EXERCISE DETAILS:
Everything below from the line with "高帮干活防滑耐磨男士 保暖二棉鞋 防水防尘款 3522劳保鞋 加绒解放鞋" through the line with "О 9:54 ранку" must be retyped exactly, except the pictures.

MATERIAL TO PROCESS:

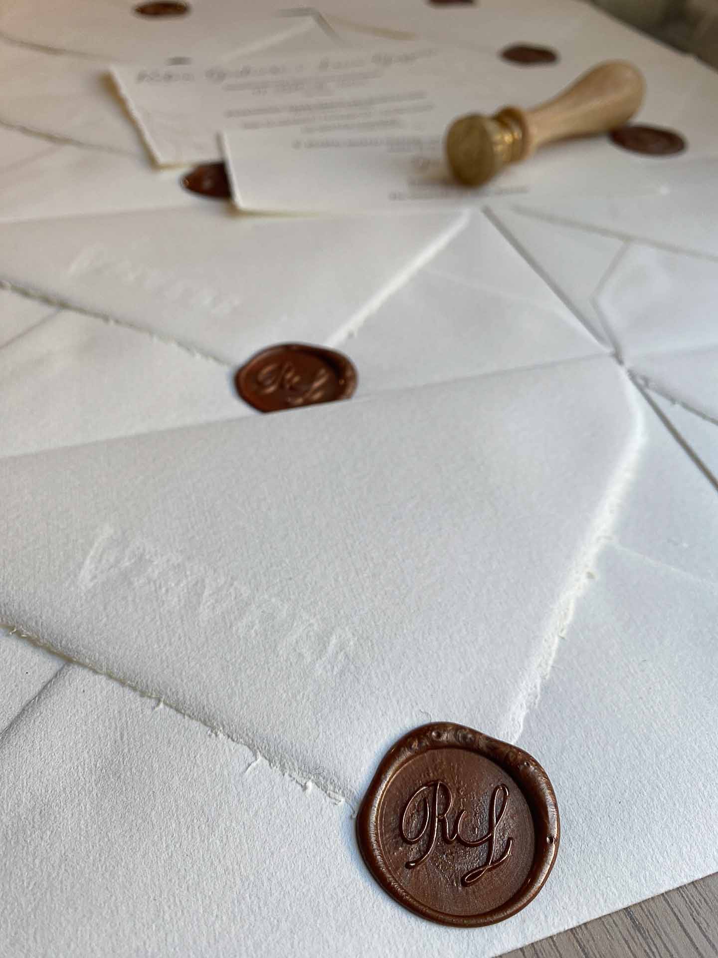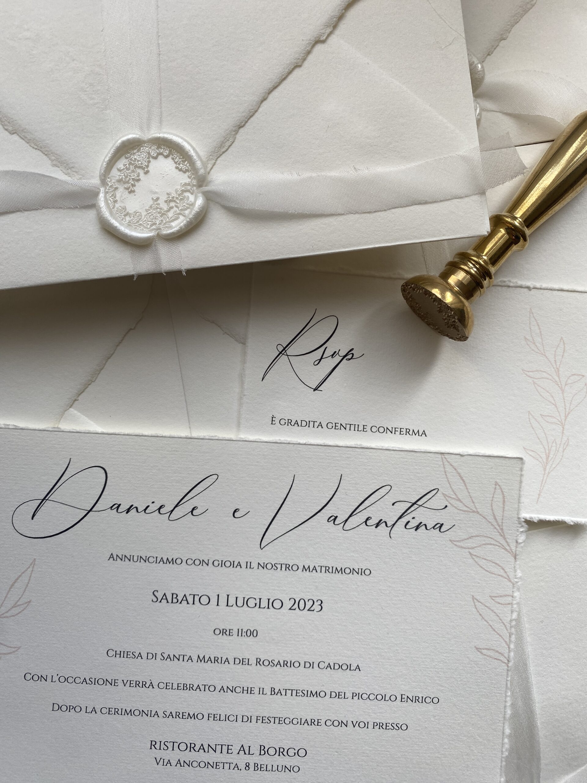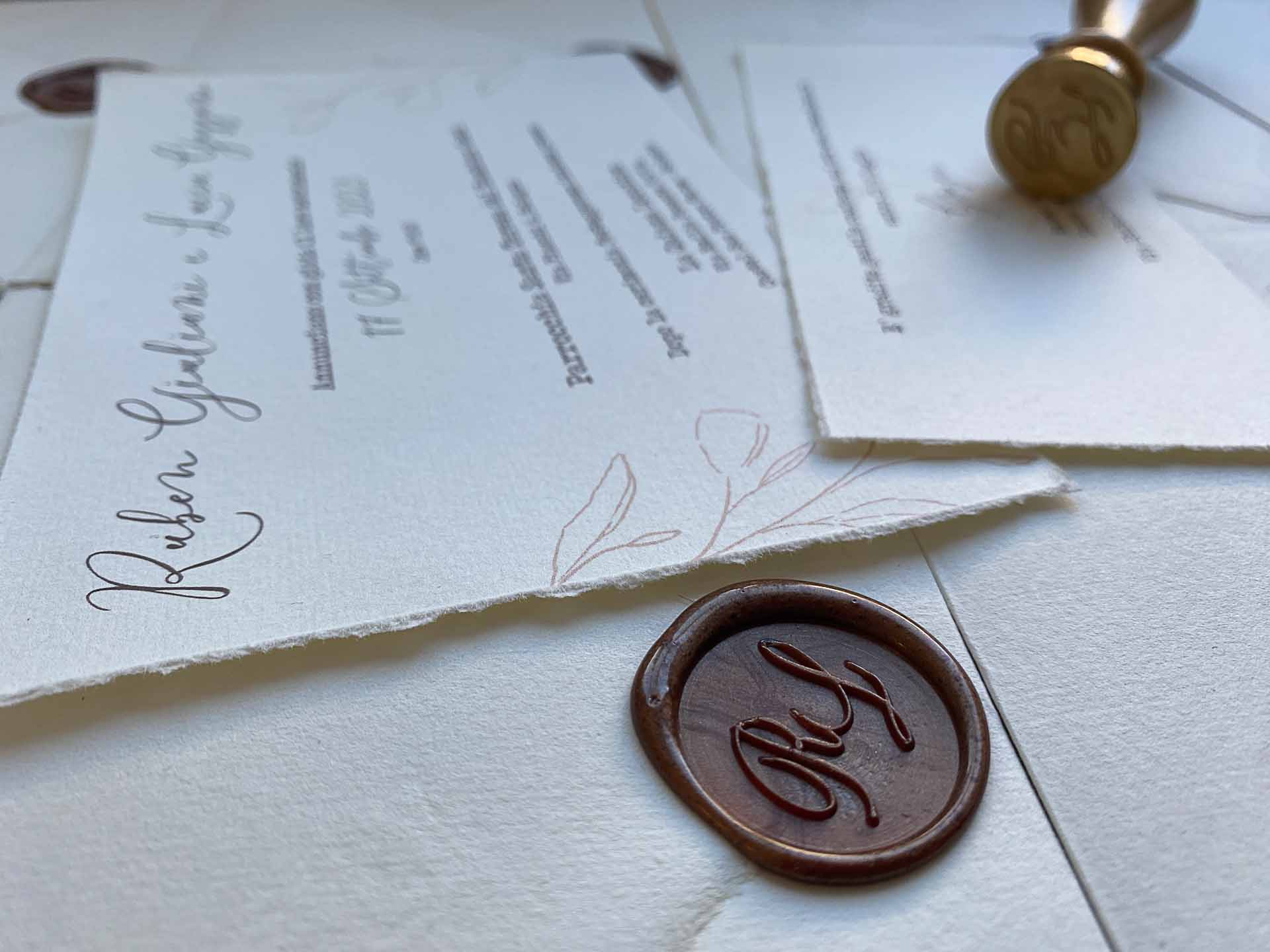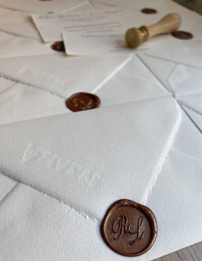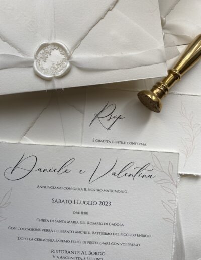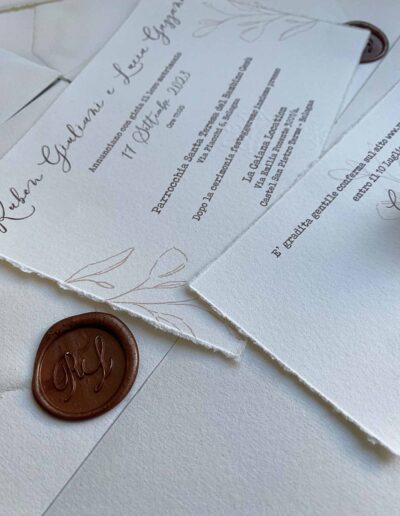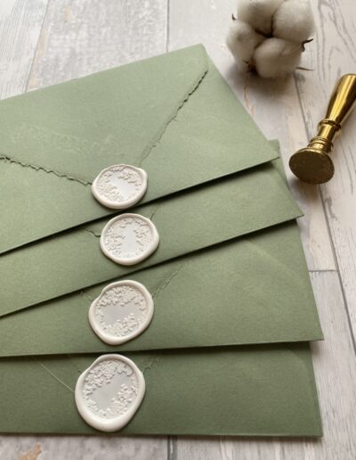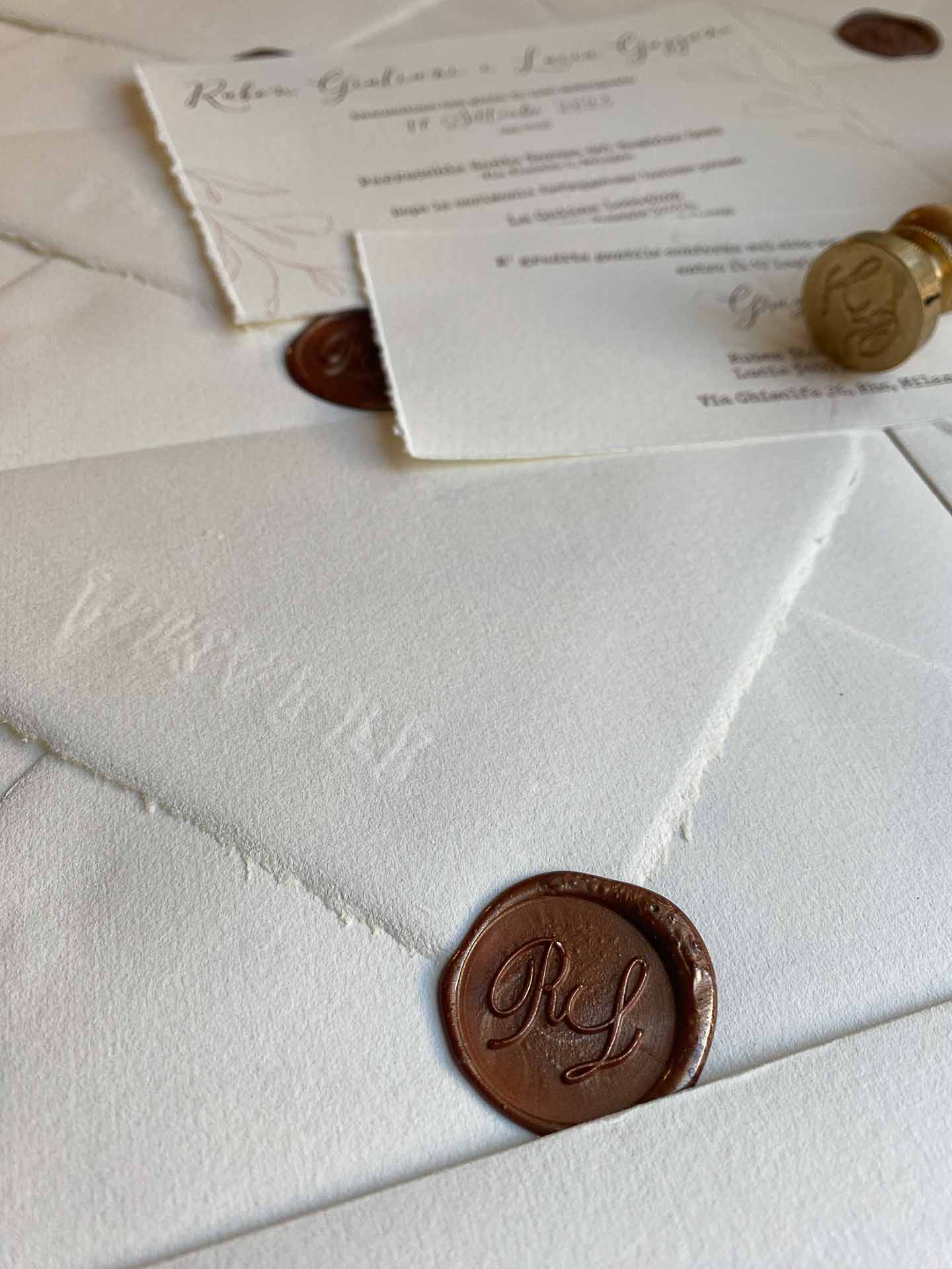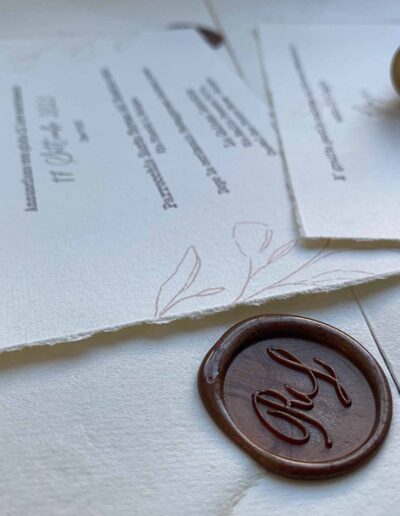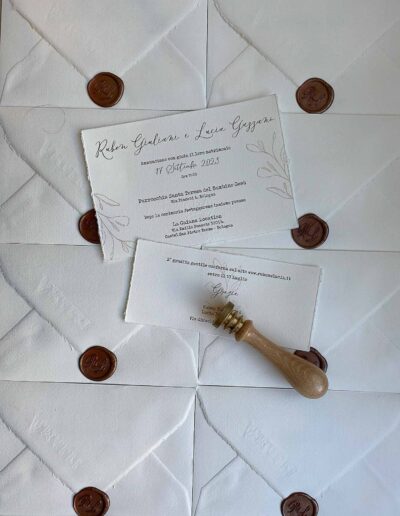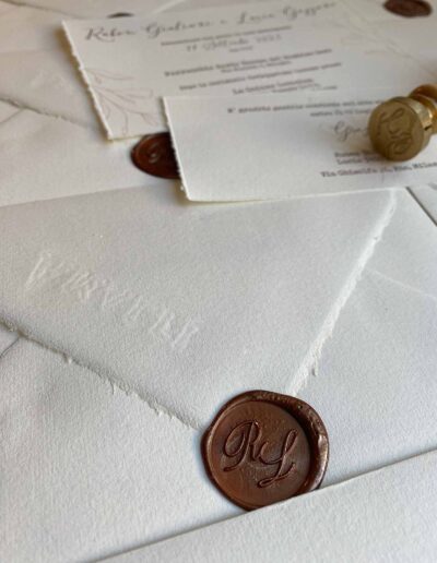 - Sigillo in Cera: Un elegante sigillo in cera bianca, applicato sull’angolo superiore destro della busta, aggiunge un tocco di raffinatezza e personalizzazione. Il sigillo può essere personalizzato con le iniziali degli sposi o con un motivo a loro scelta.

* * *

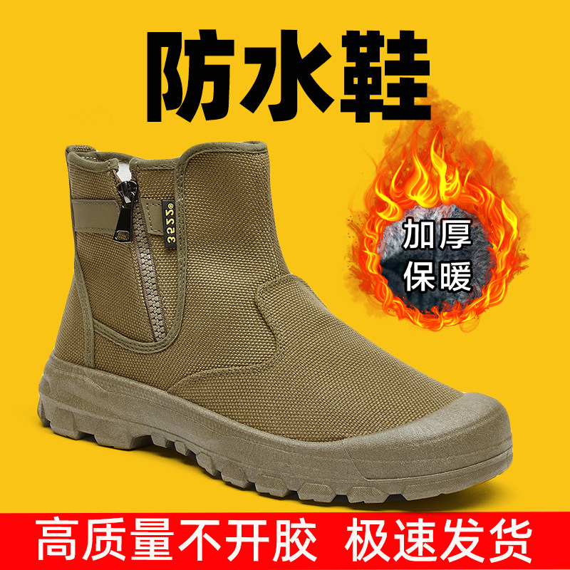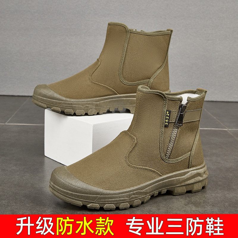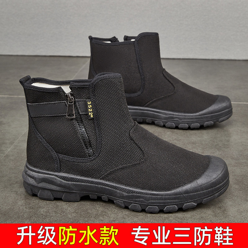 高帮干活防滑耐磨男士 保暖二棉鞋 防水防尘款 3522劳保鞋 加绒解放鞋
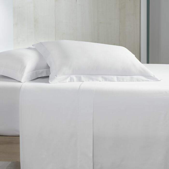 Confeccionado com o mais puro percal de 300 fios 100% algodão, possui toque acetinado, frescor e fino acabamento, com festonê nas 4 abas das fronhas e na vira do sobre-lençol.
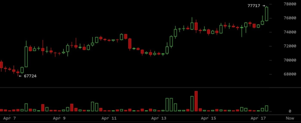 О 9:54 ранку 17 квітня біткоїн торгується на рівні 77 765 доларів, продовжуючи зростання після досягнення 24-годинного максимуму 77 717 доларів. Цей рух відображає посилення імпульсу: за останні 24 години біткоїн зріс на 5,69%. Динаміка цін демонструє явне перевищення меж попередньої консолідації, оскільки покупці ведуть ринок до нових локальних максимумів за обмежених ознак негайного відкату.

WRITTEN RESPONSE:
 高帮干活防滑耐磨男士 保暖二棉鞋 防水防尘款 3522劳保鞋 加绒解放鞋
 Confeccionado com o mais puro percal de 300 fios 100% algodão, possui toque acetinado, frescor e fino acabamento, com festonê nas 4 abas das fronhas e na vira do sobre-lençol.
 О 9:54 ранку 17 квітня біткоїн торгується на рівні 77 765 доларів, продовжуючи зростання після досягнення 24-годинного максимуму 77 717 доларів. Цей рух відображає посилення імпульсу: за останні 24 години біткоїн зріс на 5,69%. Динаміка цін демонструє явне перевищення меж попередньої консолідації, оскільки покупці ведуть ринок до нових локальних максимумів за обмежених ознак негайного відкату.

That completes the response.